Lung cancer is one of the most deadly and common cancers in the world. The molecular features of patient's tumours dictate the different therapeutic decisions, which combines targeted therapy, chemotherapy, and immunotherapy. Altered cellular metabolism is one of the hallmarks of cancer. Tumour cells reprogram their metabolism to adapt to their novel requirements of growth, proliferation, and survival. Together with the Warburg effect, the role of lipid metabolism alterations in cancer development and prognosis has been highlighted. Several lipid related genes have been shown to promote transformation and progression of cancer cells and have been proposed as biomarkers for prognosis. Nevertheless, the exact mechanisms of the regulation of lipid metabolism and the biological consequences in non-small cell lung cancer (NSCLC) have not been elucidated yet. There is an urgent necessity to develop multidisciplinary and complementary strategies to improve NSCLC patients´ well-being and treatment response. Nutrients can directly affect fundamental cellular processes and some diet-derived ingredients, bioactive natural compounds and natural extracts have been shown to inhibit the tumour growth in preclinical and clinical trials. Previously, we described a supercritical extract of rosemary (SFRE) (12 - 16% composition of phenolic diterpenes carnosic acid and carnosol) as a potential antitumoral agent in colon and breast cancer due to its effects on the inhibition of lipid metabolism and DNA synthesis, and in the reduction of resistance to 5-FluoroUracil (5-FU). Herein, we demonstrate SFRE inhibits NSCLC cell bioenergetics identifying several lipid metabolism implicated targets. Moreover, SFRE synergises with standard therapeutic drugs used in the clinic, such as cisplatin, pemetrexed and pembrolizumab to inhibit of cell viability of NSCLC cells. Importantly, the clinical relevance of SFRE as a complement in the treatment of NSCLC patients is suggested based on the results of a pilot clinical trial where SFRE formulated with bioactive lipids (PCT/ES2017/070263) diminishes metabolic and inflammatory targets in peripheral-blood mononuclear cells (PBMC), such as MAPK (p=0.04), NLRP3 (p=0.044), and SREBF1 (p=0.047), which may augment the immune antitumour function. Based on these results, SFRE merits further investigation as a co-adjuvant in the treatment of NSCLC. Clinical trial registration: ClinicalTrials.gov Identifier NCT05080920.

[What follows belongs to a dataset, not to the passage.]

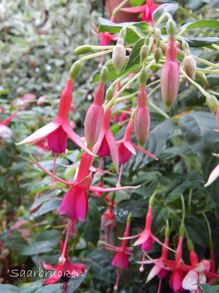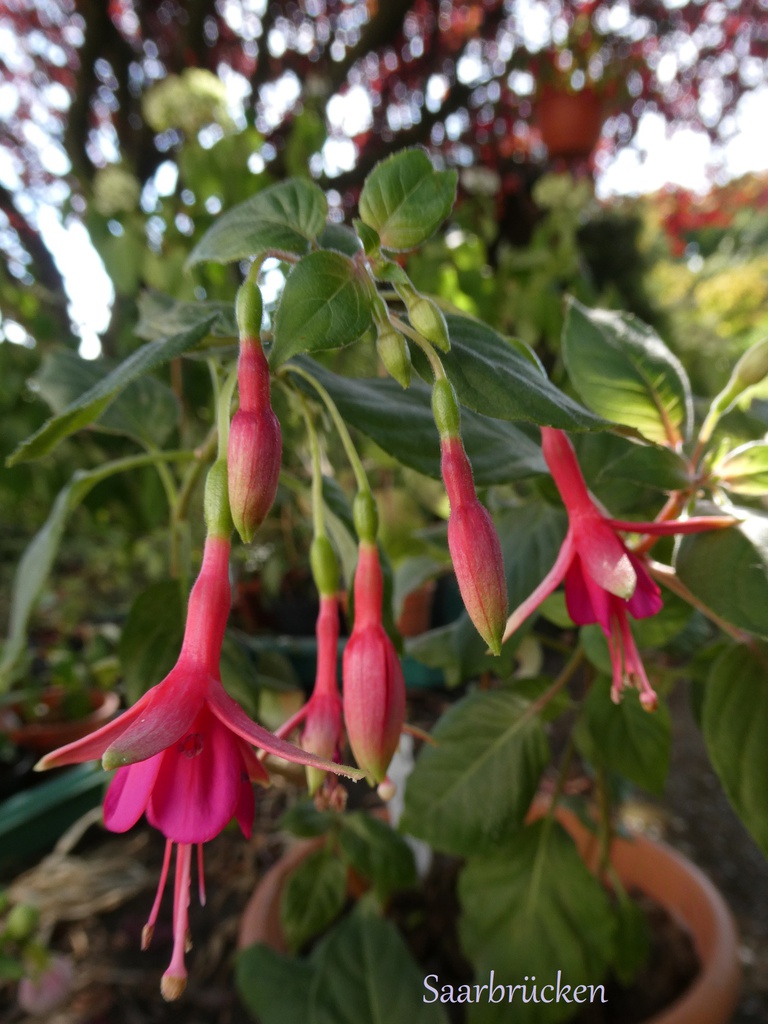 'Saarbrücken' aus der Hand des saarländischen Züchters Josef Jehle, ist eine stark wachsende, aufrecht wachsende Fuchsie mit guter Blütenbildung. Sie macht keine Blühpausen und ist gut zu überwintern.

Natural Extracts to Augment Energy Expenditure as a Complementary Approach to Tackle Obesity and Associated Metabolic Alterations.

Obesity is the epidemic of the 21st century. In developing countries, the prevalence of obesity continues to rise, and obesity is occurring at younger ages. Obesity and associated metabolic stress disrupt the whole-body physiology. Adipocytes are critical components of the systemic metabolic control, functioning as an endocrine organ. The enlarged adipocytes during obesity recruit macrophages promoting chronic inflammation and insulin resistance. Together with the genetic susceptibility (single nucleotide polymorphisms, SNP) and metabolic alterations at the molecular level, it has been highlighted that key modifiable risk factors, such as those related to lifestyle, contribute to the development of obesity. In this scenario, urgent therapeutic options are needed, including not only pharmacotherapy but also nutrients, bioactive compounds, and natural extracts to reverse the metabolic alterations associated with obesity. Herein, we first summarize the main targetable processes to tackle obesity, including activation of thermogenesis in brown adipose tissue (BAT) and in white adipose tissue (WAT-browning), and the promotion of energy expenditure and/or fatty acid oxidation (FAO) in muscles. Then, we perform a screening of 20 natural extracts (EFSA approved) to determine their potential in the activation of FAO and/or thermogenesis, as well as the increase in respiratory capacity. By means of innovative technologies, such as the study of their effects on cell bioenergetics (Seahorse bioanalyzer), we end up with the selection of four extracts with potential application to ameliorate the deleterious effects of obesity and the chronic associated inflammation.